Witnesses report that people have been using their hands to dig through piles of stone and mud to reach buried relatives in the town of Chamoli, the epicentre of the earthquake, where hundreds of bodies are believed to be entombed in rubble. The official death toll of 110 is expected to rise further.

Landslides triggered by the earthquake - which, at 6.8 on the Richter scale, was the biggest in the region for 90 years - have cut communications with many of the affected areas. Indian Air Force planes and helicopters were flying sorties yesterday over the earthquake zone, dropping aid to survivors in remote villages around Chamoli. Many are still without shelter or electricity and have had almost all their food stocks buried. The extent of the damage in the area was still unclear late yesterday.

Shridhar Pathak, Chamoli's senior police officer, said a total of 14 villages had been reported as "destroyed" and that about 90 per cent of Chamoli itself - the local administrative centre - had been damaged.

Nearly 150 people had been rescued from collapsed houses so far, Mr Pathak said, and several hundred injured were being treated by military medics in makeshift hospitals.
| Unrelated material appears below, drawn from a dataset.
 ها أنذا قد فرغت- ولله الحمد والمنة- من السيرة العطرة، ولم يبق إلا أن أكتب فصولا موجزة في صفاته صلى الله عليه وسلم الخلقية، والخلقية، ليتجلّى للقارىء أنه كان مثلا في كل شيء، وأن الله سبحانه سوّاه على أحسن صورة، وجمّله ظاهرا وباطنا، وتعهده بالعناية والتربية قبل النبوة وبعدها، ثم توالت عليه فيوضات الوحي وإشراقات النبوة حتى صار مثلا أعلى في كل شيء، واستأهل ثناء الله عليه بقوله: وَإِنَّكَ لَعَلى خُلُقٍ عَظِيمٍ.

At least 5,000 people have been made homeless.

Last night, thousands more villagers spent a third night in the open for fear of further damage from the aftershocks - some registering four on the Richter scale - which continued to shake the area.
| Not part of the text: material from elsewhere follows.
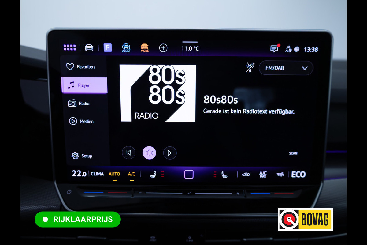 Met het digitale dashboard kunt u de cockpit-interface naar uw voorkeur instellen. Met de 360 graden camera kunt u elk obstakel of gevaar rondom de auto detecteren, wat uw veiligheid verhoogt. Adaptive cruise control houdt de ingestelde snelheid vast en houdt automatisch afstand tot uw voorligger. Kilometerstand? Oliepeil? Accuspanning? Allemaal te zien via de app. Overal. Altijd. Dankzij Connected Services. Uw veiligheid op de weg wordt verhoogd door het audio-installatiesysteem met DAB-ontvangst en het navigatiesysteem te bedienen vanaf het stuur of met spraakbediening, zodat uw handen veilig op het stuur blijven en uw ogen gericht zijn op de weg. De uitrusting van deze Volkswagen is met kruisend verkeer detectie, automatische airconditioning, draadloos opladen, regensensor, automatisch dimmende binnenspiegel en lederen stuur behoorlijk compleet.
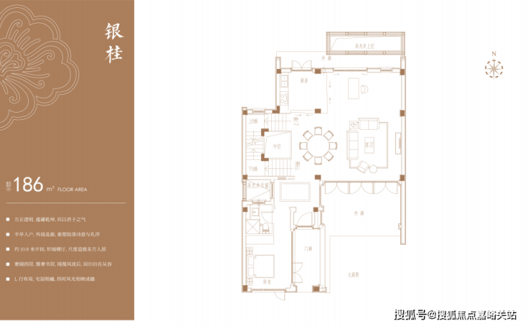 房屋实际可用面积要比户型图标注面积大一些,以“丹桂”户型为例,户型图标注的建筑面积为185m²,但是层高达到9.9m,未来完全可以搭建二层,搭建后,地上使用面积可以达到约280m²左右。

Chamoli is at an altitude of nearly 1,070 metres (3,500ft) and many of the affected villages are far higher. Although winter is over, the nights are still cold.

The earthquake struck at 12.35am on Monday when most people were asleep. Entire families were wiped out. One local resident told reporters that five members of his family of seven had died.
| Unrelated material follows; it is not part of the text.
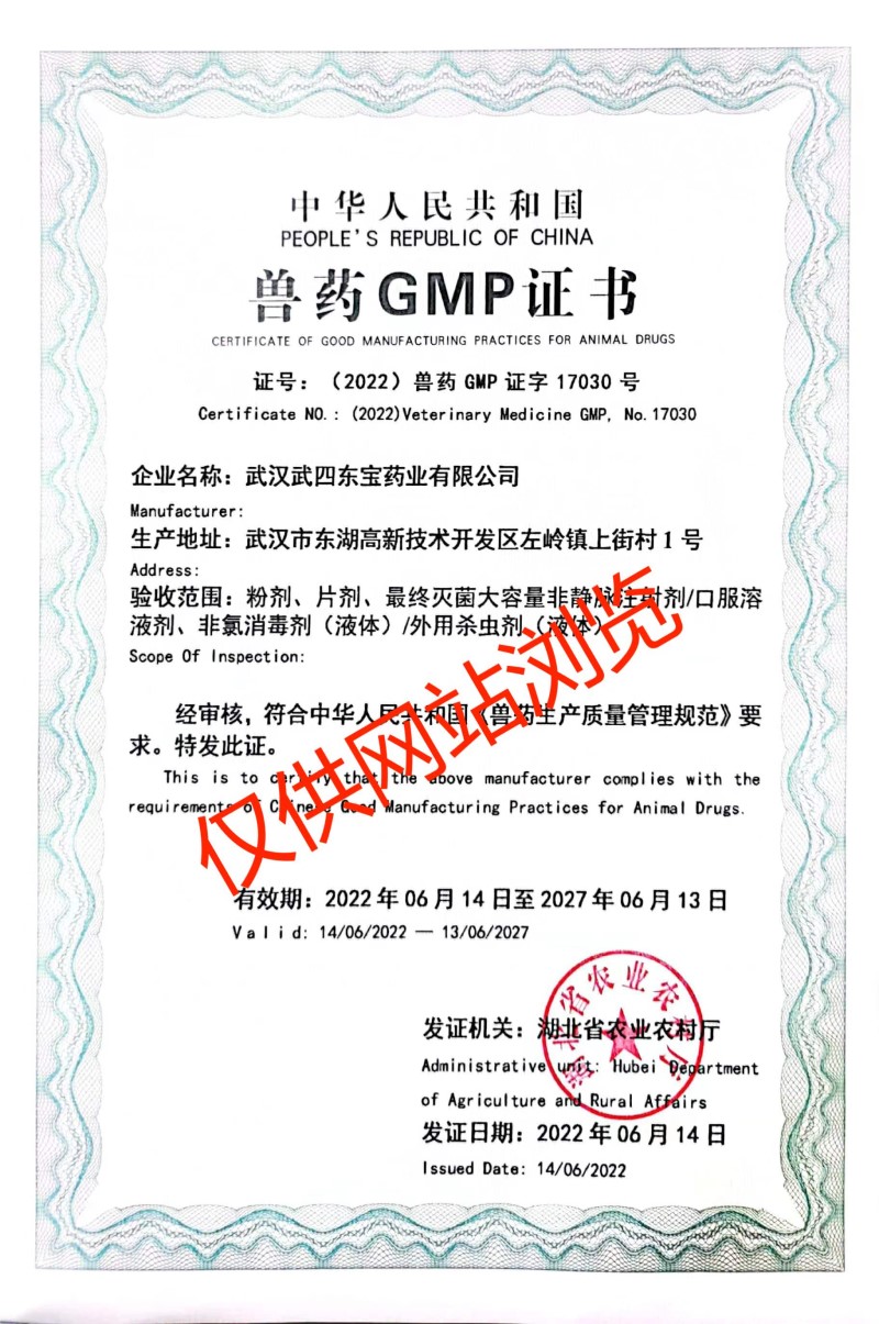 武漢武四東寶藥業(yè)有限公司,是在原武昌獸藥廠(成立于1972年)基礎(chǔ)上發(fā)展而來,公司位于武漢市東湖新技術(shù)開發(fā)區(qū)左嶺工業(yè)園,是一家專業(yè)從事動物保健品的研發(fā)、生產(chǎn)、銷售和服務(wù)于一體的高新技術(shù)企業(yè),目前擁有六條生產(chǎn)線、十種劑型(最終滅菌小容量注射劑、最終滅菌大容量非靜脈注射劑、口服溶液劑、粉劑、預(yù)混劑、固體殺蟲劑、液體殺蟲劑、片劑、顆粒劑、液體消毒劑)。公司成立于2004年,2006年全面通過國家農(nóng)業(yè)部獸藥GMP認證,已成為中國獸用保健行業(yè)知名企業(yè)之一。武漢武四東寶藥業(yè)有限公司自創(chuàng)建以來,一直秉承著“善、行、學(xué)、成”的核心價值觀,恪守“一切為了健康養(yǎng)殖”的企業(yè)使命,堅持“科技成就價值,服務(wù)創(chuàng)造未來”的服務(wù)理念,經(jīng)過多年不斷的創(chuàng)新與發(fā)展,逐步形成了自己的核心競爭力,并在行業(yè)中脫穎而出。公司與中國農(nóng)業(yè)大學(xué)、華中農(nóng)業(yè)大學(xué)、武漢工程大學(xué)、武漢工業(yè)學(xué)院、中科院水生所等全國知名院校和科研院所建立了長期密切的合作關(guān)系,通過聯(lián)合攻關(guān)和技術(shù)引進等方式,研發(fā)出50多種優(yōu)質(zhì)、高效、穩(wěn)定的產(chǎn)品,并深得廣大用戶的認可與信賴。公司以“追求健康的用戶群體和卓越市場占有率”為經(jīng)營理念,堅持以市場為導(dǎo)向,強化科技創(chuàng)新,拓展產(chǎn)品結(jié)構(gòu),努力為我國健康養(yǎng)殖事業(yè)的發(fā)展作出更大的貢獻!

Another described how he had spent Monday night digging in the debris of his house with a shovel, only to find two buried relatives dead. Six prisoners were killed when the Chamoli jail collapsed.

"For a minute, all the earth seemed to be shaking... we all ran out of our houses very, very scared," said Himanshu Thapliyal, 28, a lawyer in Biyasi, a small town near Chamoli.

Romesh Sharma, a teacher in Chamoli, said he rushed out of his house when he heard "a terrific noise", only to see the buildings around him collapse. "I ran for my life to the police station but that, too, had crumpled," he told a local reporter.

Another Chamoli resident said the earthquake felt as "if the earth was coming apart and the mountains were coming crashing down on the villages''.

The 40-second jolt cracked buildings 185 miles (300km) away in the capital, Delhi, and was felt in neighbouring Pakistan and Nepal.

Pakistani officials said the earthquake shook the eastern cities of Lahore and Gujranwala. The officials said Muhammad Nawaz Sharif, the Prime Minister of Pakistan, had sent a message of sympathy to his Indian counterpart, Atal Bihari Vajpayee.